MIT and Boston Children’s Hospital Researchers Develop Personalized Heart Models for Surgical Planning

MIT and Boston Children’s Hospital Researchers Develop Personalized Heart Models for Surgical Planning

In a collaboration between the MIT and the Boston Children’s Hospital, researchers were able to develop a new system capable of taking magnetic resonance imaging (MRI) scans of the heart and, in a short time, convert the scans into a physical model that surgeons can utilize to prepare surgery. The new system will be presented at the upcoming International Conference on Medical Image Computing and Computer Assisted Intervention.

“Our collaborators are convinced that this will make a difference,” said in a news release Polina Golland, a professor of electrical engineering and computer science at MIT, who led the project. “The phrase I heard is that ‘surgeons see with their hands,’ that the perception is in the touch.”

MRI scans involve a series of cross sections of a three-dimensional entity. Each section has light and dark regions and the boundaries of the regions indicate edges of anatomical structures. Image segmentation is one of the main problems of computer vision, since it is hard to delimit the boundaries of different objects in an image. Furthermore, image-segmentation algorithms aren’t consistent to produce precise models that could be used by surgeons to plan clinical procedures.
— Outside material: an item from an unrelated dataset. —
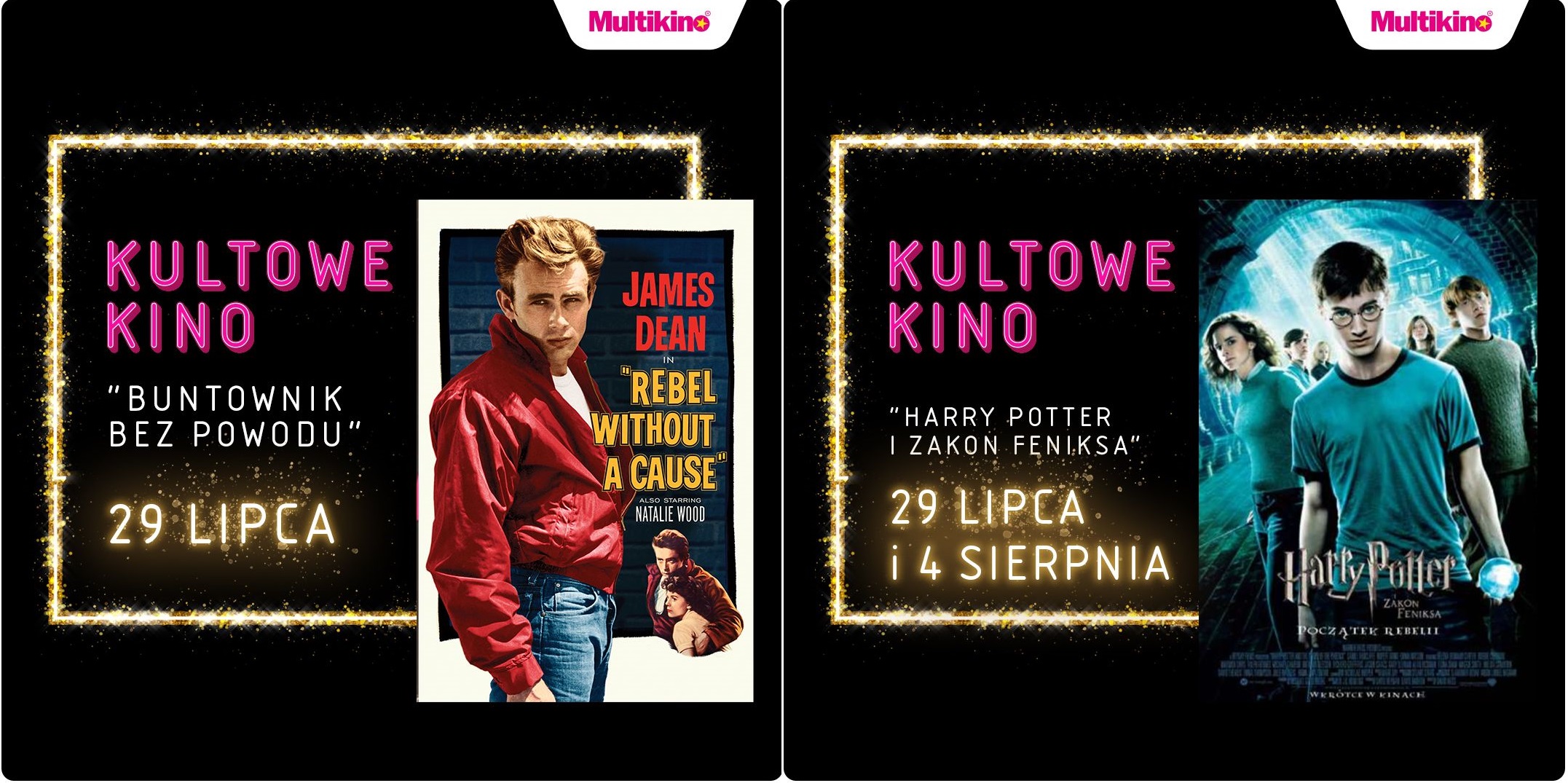 29 lipca w kinach sieci Multikino w ramach cyklu „Kultowe Kino” widzowie będą mogli zobaczyć o 17.30 film „Harry Potter i Zakon Feniksa” (powtórka w niedzielę 4 sierpnia), a o 20.00 „Buntownik bez powodu”. Bilety można już nabyć w kasach kin, na stronie internetowej www.multikino.pl oraz przez aplikację mobilną.

To increase the precision of an image-segmentation algorithm there is the need to enhance the model size. In the case of human hearts, these have chambers and blood vessels that are typically size-consistent. The heart anatomical consistency could provide to a segmentation algorithm a manner to avoid questionable conclusions about object boundaries. However, many patients undergoing cardiac surgery have an irregular anatomy of their hearts.

Researchers have produced in past printable heart models by indicating the boundaries manually in MRI scans. However, this can be a lengthy process, taking up to 10 hours. “They want to bring the kids in for scanning and spend probably a day or two doing planning of how exactly they’re going to operate,” Dr. Golland said. “If it takes another day just to process the images, it becomes unwieldy.”
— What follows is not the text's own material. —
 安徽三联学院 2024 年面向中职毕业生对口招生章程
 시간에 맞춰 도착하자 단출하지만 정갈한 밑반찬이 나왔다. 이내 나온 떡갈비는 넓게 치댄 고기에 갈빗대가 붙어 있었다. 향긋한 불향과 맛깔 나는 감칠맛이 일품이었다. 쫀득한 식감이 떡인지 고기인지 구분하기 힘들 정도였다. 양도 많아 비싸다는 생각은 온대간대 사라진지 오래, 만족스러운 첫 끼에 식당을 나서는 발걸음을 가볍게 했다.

The research team’s solution to address this issue was to ask a human specialist to ascertain boundaries in the cross sections and allow algorithms to conclude the process. The most interesting results arose when the researchers asked the specialist to segment a small patch, about one-ninth of the total region. The segmentation of 14 patches and allowing the algorithm to infer the rest, yielded 90% consensus with the specialist segmentation of the whole 200 cross sections. Human segmentation of just 3 patches yielded 80% consensus.
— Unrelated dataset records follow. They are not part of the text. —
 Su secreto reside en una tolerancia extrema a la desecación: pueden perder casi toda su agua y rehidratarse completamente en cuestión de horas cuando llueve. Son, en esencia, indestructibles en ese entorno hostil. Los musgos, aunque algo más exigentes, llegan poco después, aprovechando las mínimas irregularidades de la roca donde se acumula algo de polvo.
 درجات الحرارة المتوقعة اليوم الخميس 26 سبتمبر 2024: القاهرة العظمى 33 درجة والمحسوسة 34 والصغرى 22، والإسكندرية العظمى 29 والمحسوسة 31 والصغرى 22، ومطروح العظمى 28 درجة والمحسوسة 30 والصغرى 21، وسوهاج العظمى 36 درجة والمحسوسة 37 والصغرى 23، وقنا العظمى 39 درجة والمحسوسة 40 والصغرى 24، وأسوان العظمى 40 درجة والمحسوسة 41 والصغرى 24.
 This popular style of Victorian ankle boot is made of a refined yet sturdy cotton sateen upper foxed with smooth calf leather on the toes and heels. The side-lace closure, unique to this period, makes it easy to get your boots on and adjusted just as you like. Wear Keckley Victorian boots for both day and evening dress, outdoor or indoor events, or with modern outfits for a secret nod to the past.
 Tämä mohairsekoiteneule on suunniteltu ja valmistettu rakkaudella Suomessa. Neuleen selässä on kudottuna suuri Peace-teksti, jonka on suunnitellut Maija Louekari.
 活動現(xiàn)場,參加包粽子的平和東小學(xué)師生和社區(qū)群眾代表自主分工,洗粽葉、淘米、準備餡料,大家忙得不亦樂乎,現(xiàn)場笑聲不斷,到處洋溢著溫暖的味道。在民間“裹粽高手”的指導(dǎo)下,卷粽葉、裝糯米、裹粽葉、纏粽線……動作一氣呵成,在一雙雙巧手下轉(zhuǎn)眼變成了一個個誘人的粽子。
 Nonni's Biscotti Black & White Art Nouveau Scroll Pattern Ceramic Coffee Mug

“I think that if somebody told me that I could segment the whole heart from eight slices out of 200, I would not have believed them,” Dr. Golland said. “It was a surprise to us.”

Human segmentation of sample patches and the algorithmic generation of a digital, 3-D model of the heart takes roughly one hour. The process of the 3-D-printing takes approximately two more hours.

During this fall, seven cardiac surgeons from the Boston Children’s Hospital will conduct a new study that will assess the usefulness of these heart models. The study will involve MRI scans from 10 patients, and all the surgeons will have access to the patients’ information, including raw MRI scans and either a computerized 3-D model or a physical model. The model will be based on algorithmic segmentations or in human segmentations.

With this information, heart surgeons will develop their surgery plans, which will then be compared with clinical information about the interventions that each patient underwent. The aim of the study is to assess if 3-D-printed physical models can improve surgical clinical outcomes.

“Absolutely, a 3-D model would indeed help,” said Sitaram Emani, a cardiac surgeon at Boston Children’s Hospital who was not involved in the research. “We have used this type of model in a few patients, and in fact performed ‘virtual surgery’ on the heart to simulate real conditions. Doing this really helped with the real surgery in terms of reducing the amount of time spent examining the heart and performing the repair.”

“I think having this will also reduce the incidence of residual lesions — imperfections in repair — by allowing us to simulate and plan the size and shape of patches to be used,” concluded Emani. “Ultimately, 3D-printed patches based upon the model will allow us to tailor prosthesis to patient. (…) Finally, having this immensely simplifies discussions with families, who find the anatomy confusing, (…) This gives them a better visual, and many patients and families have commented on how this empowers them to understand their condition better.”